The action comes after five candidates raised a total of more than $130,000 last year to run for several spots on the Monterey City Council. And some city leaders say they are alarmed that at least some of those contributions came in chunks from political action committees representing business interests on the Monterey Peninsula.
The concern, according to Councilman Alan Haffa, is that good potential candidates may lose their incentive to run for City Council if they know that political action committees will drop lots of cash to support their opponents.
But one councilman, Ed Smith, said that he doesn’t think money is an issue in Monterey municipal elections. He noted that he received twice the contributions that challenger Tyller Williamson got during last year’s campaign — about $47,000 to $23,500 — yet Williamson outpolled him on election day. They both won seats on the council, while the candidate who outspent them both by a couple of thousand dollars, former Councilman Timothy Barrett, lost the election.
Meanwhile, Monterey Mayor Clyde Roberson won reelection against challenger Bill McCrone without even bothering to set up a campaign committee and without raising any money.
“I’m still trying to figure out what the problem is,” Smith said on Tuesday, shortly before the City Council voted 4-1 to establish the limit. (The ordinance will be finalized in coming weeks.) “It feels like a solution in search of a problem.” Smith cast the lone “no” vote.
“The problem,” answered Councilman Dan Albert Jr., “is the public perception,” referring to a general belief that government at every level is unfairly influenced by money.
Fewer than 109 of the 482 cities in California currently have ordinances that limit contributions to their council candidates, according to Common Cause.

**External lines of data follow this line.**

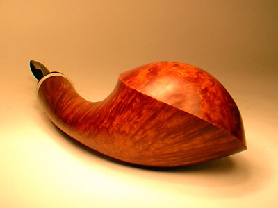 J’ai donc un faible pour les pipes de Jack, clarinettiste classique de son état. Il y a pour cela plusieurs raisons. Bien que dernièrement ses tarifs aient augmenté, Howell continue à présenter un excellent rapport qualité/prix : il vend à des prix concurrentiels des pipes qui requièrent souvent beaucoup de travail fastidieux. En outre, pas mal de ses pipes sont le résultat d’un sens esthétique tout personnel qui semble avoir tout pour me plaire. Ce que je trouve extraordinaire dans l’œuvre de Howell, c’est qu’il arrive à faire des petits chefs-d’œuvre originaux, sans que cet individualisme tombe dans le piège de l’ostentatoire ou de la prétention. Au contraire, quoique originales, ses pipes sont équilibrées et harmonieuses et se distinguent par des lignes pures et bien définies. Ensuite, et c’est chose plus rare qu’on ne le pense, à mon avis Howell maîtrise vraiment l’art de la teinture. Mes trois pipes arborent trois finitions complètement différentes et chacune est parfaitement nette, égale, profonde, réussie. Finalement, Jack fait des pipes confortables en bouche et au tirage facile et naturel, ce qui contribue à un excellent développement de la saveur. La egg et la apple sont dédiées aux mélanges à base de latakia syrien, la lovat virile et pourtant étonnamment élégante n’est fumée qu’avec du semois. Toutes trois restituent le goût du tabac avec précision et complexité. Rien à redire.
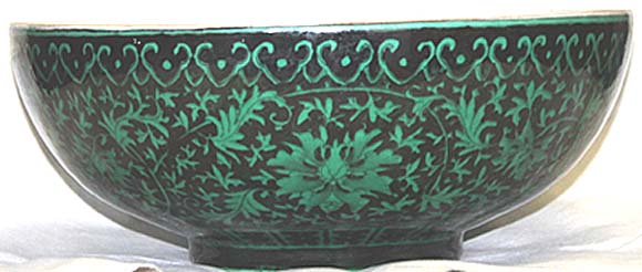 黒地緑彩纏枝牡丹文鉢(清末期時代、AD1875〜1911)
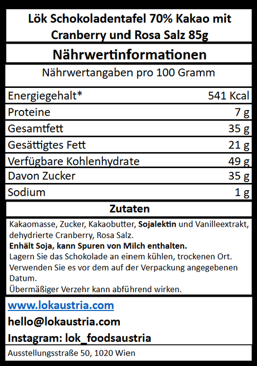 Zutaten: Kakaomasse, Rohrzucker, getrocknete Cranberries, rosa Salz, Kakaobutter, Sojalecithin, Vanilleextrakt
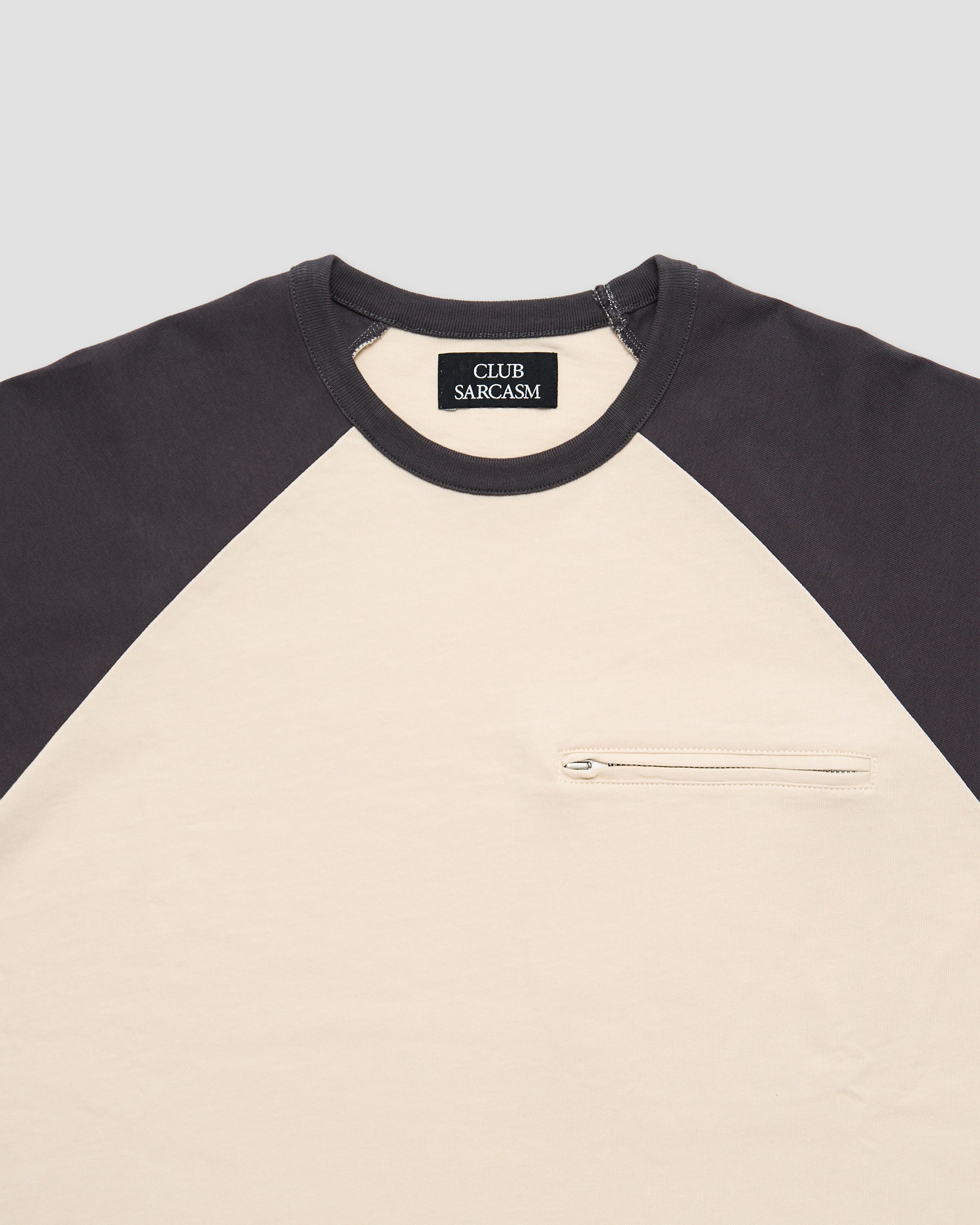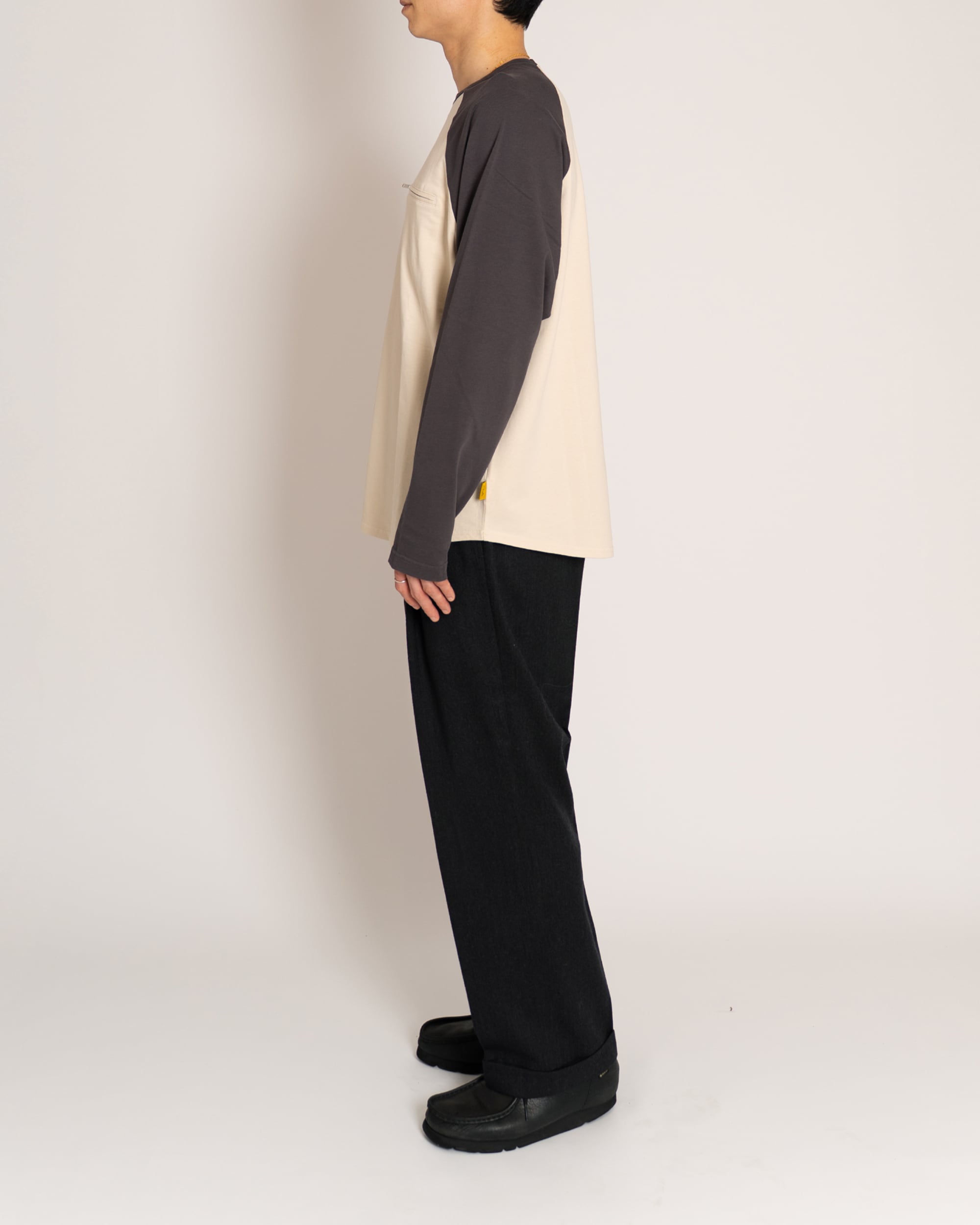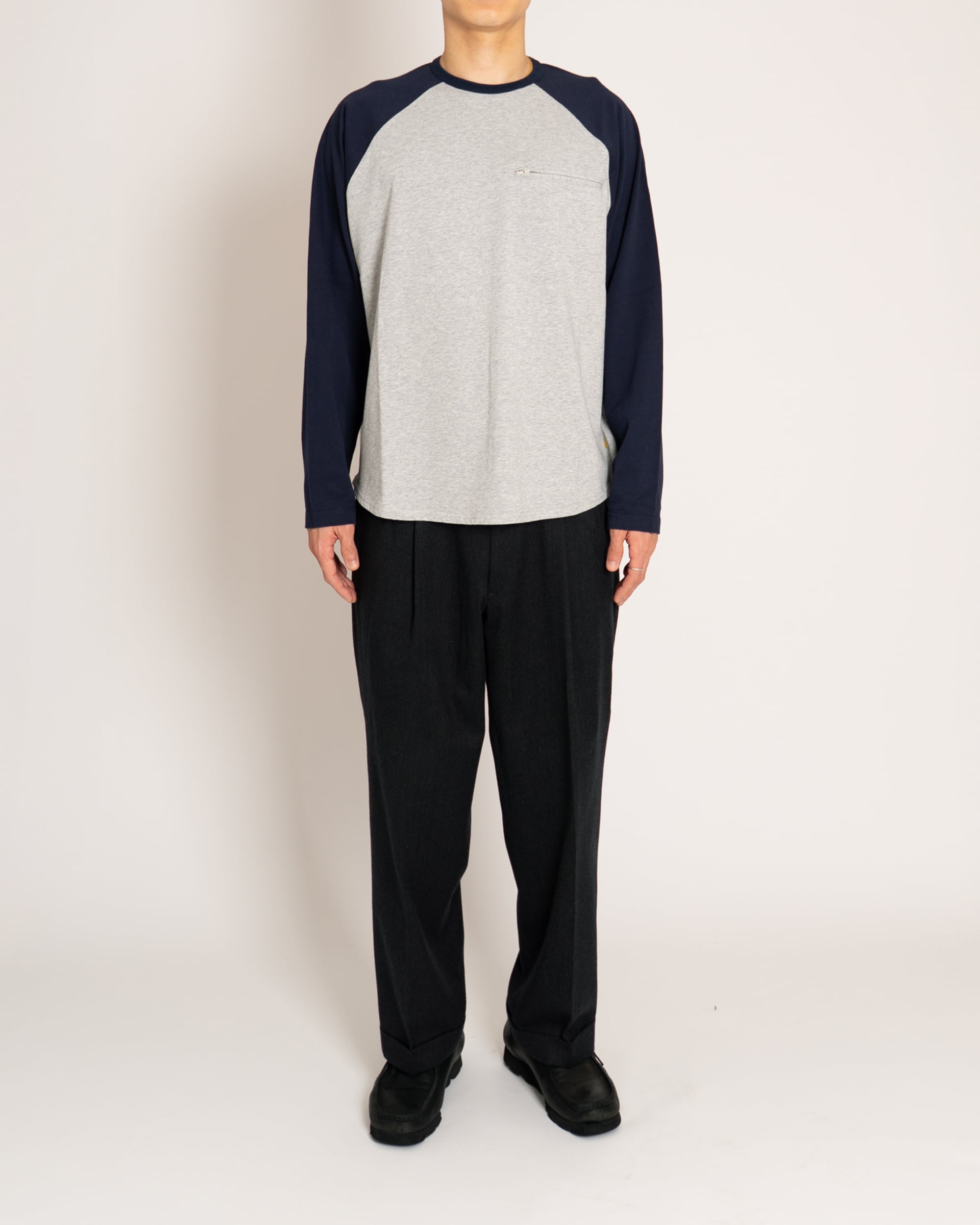 若干の光沢とハリのあるコットン素材を使用したラグランスリーブ仕様のロングスリーブTシャツ。

In Monterey and Santa Cruz counties, only five cities have campaign contribution limits, including Capitola, Santa Cruz, Pacific Grove, Watsonville and Scotts Valley.

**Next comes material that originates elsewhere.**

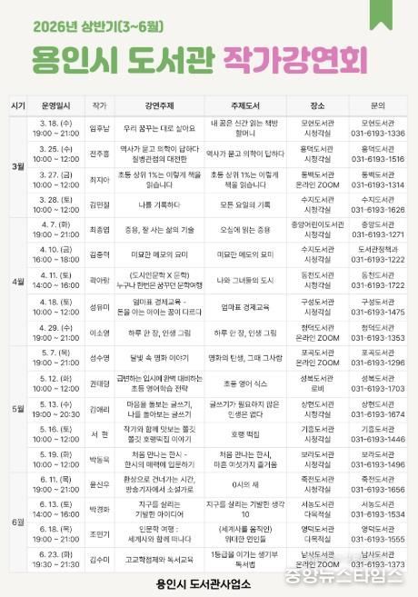 5월에는 7일 '명화의 탄생 그때 그 사람’의 저자 성수영 한국경제 기자(포곡도서관), 12일 '초등 영어 식스'의 저자 권태형 작가(성복도서관), 13일 '글쓰기가 필요하지 않은 인생은 없다'의 저자 김애리 작가(상현도서관), 16일 ‘호랭 떡집’의 저자 서현 작가(기흥도서관), 19일 ‘처음 만나는 한시 마흔 여섯가지 즐거움‘의 저자 박동욱 한양대 교수(보라도서관)가 강연할 예정이다.
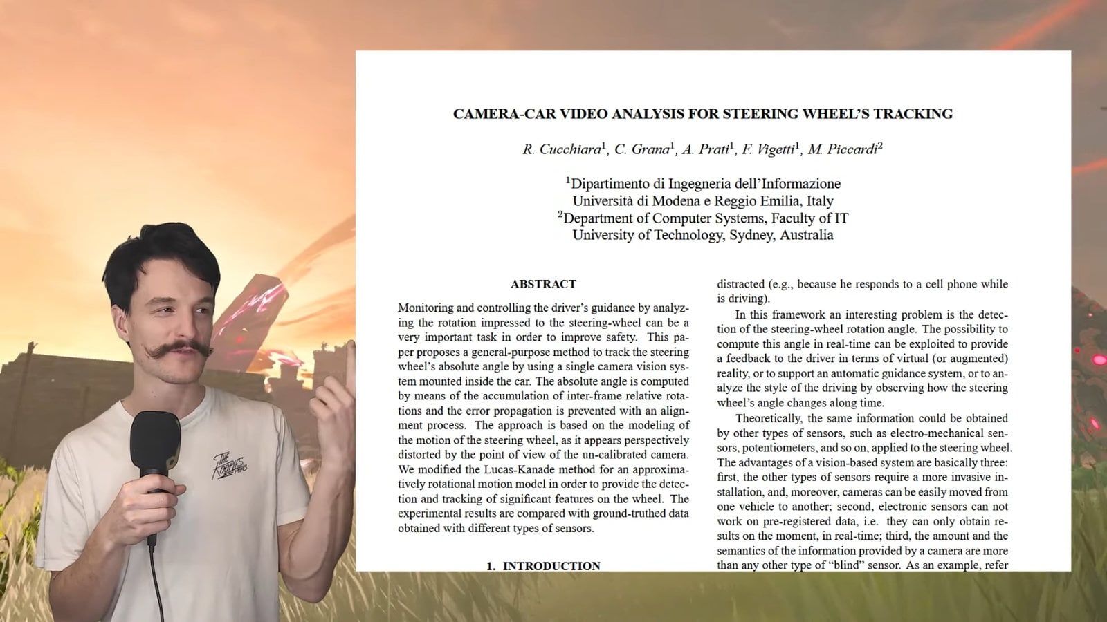 解決策に行き詰まる中、Carl氏は一本の論文を発見。それは「Camera-car Video Analysis for Steering Wheel’s Tracking(ハンドルトラッキングのための車載カメラ映像分析)」という、まさに同氏がやりたいことを表したぴったりのタイトルであった。そこで説明された手法によれば、まずカメラの映像に対して「ハフ変換」を用いてハンドルの中心と半径を検出する。次に「Shi-Tomasi法」と呼ばれるアルゴリズムを使ってハンドルの特徴点を分析。そこに「Lucas-Kanade法」を用いることでオプティカルフロー、すなわちフレーム間での移動量を計算する。これにより算出された角度を足し合わせていくことで、ハンドルがどれだけ回転しているかを検出可能という仕組みだ。Carl氏は試行錯誤の末、ついにハンドルの回転をコントローラーの入力へと変換できるようになった。

Only 15 counties in California, including Santa Cruz, impose campaign contributions and/or spending limits. In fact, the Santa Cruz Board of Supervisors earlier this year raised its contribution limits by $100, to $500 per individual or organization, after learning that it had the lowest limits in the state. Two years ago Monterey County Supervisor Mary Adams advocated the Board of Supervisors develop policies to limit campaign contributions in county supervisor races, but that effort appears to have fizzled out due to an apparent lack of interest among her colleagues.
Nicolas Heiforn, who researched California spending limits in cities and counties throughout the state for Common Cause, said he doubts those numbers have changed much since 2016. He said proposed legislation now awaiting Gov. Gavin Newsom’s signature would enact limits of $4,700 on cities and counties that have not adopted their own limits. That number — $4,700 — is the same contribution limit for campaigns for state office.

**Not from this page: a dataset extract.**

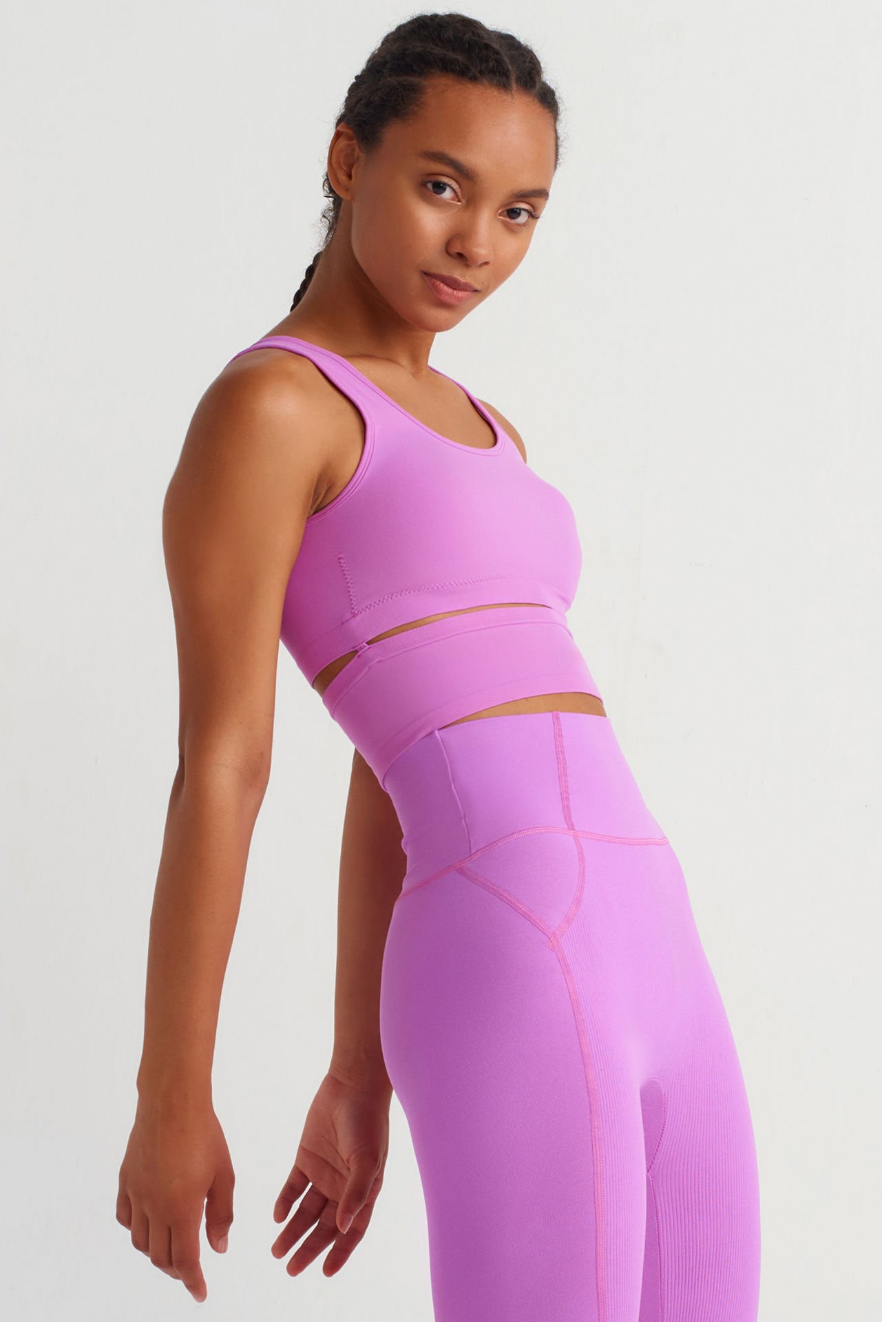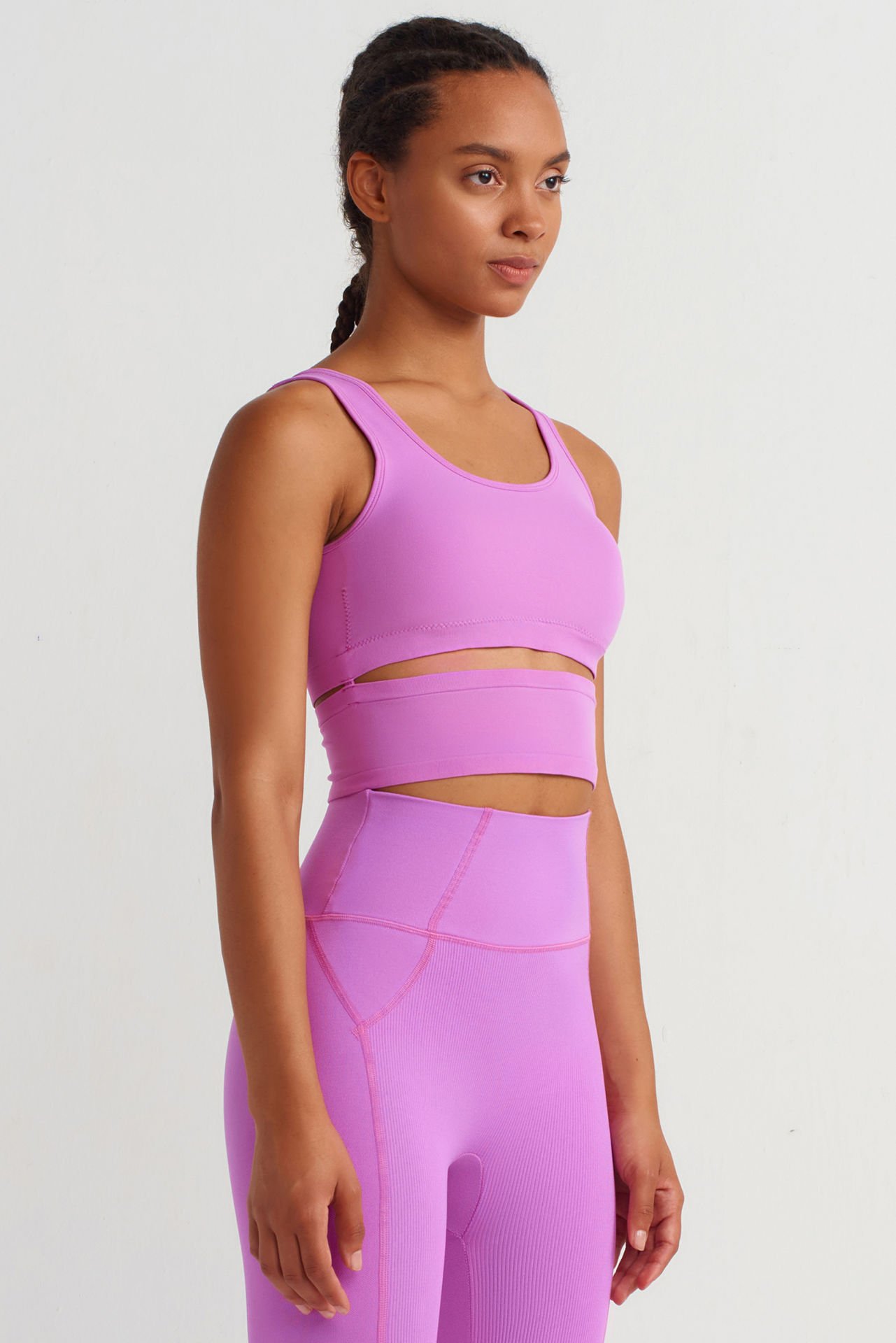 Parçalı ve Pedli Crop Top Orkide Pembe

In Monterey, red flags started to be raised in 2016, after Dan Albert Jr. raised more than $53,000 to seek election against two incumbents, who together received contributions totalling just under $18,000.
Money continued to pour in to candidates during the 2018 City Council election. Six candidates were on the ballot last year. In the race for two council seats on the council, three candidates raised almost $119,000. One of them, Smith, generated at least 10 contributions in excess of $1,000 to his campaign, including money from local political action committees.
On Tuesday, Albert said that the city’s financial limits will change the way candidates approach their campaigns. “Rather than expecting big checks, we’ll need to go out and get more smaller contributions,” he said.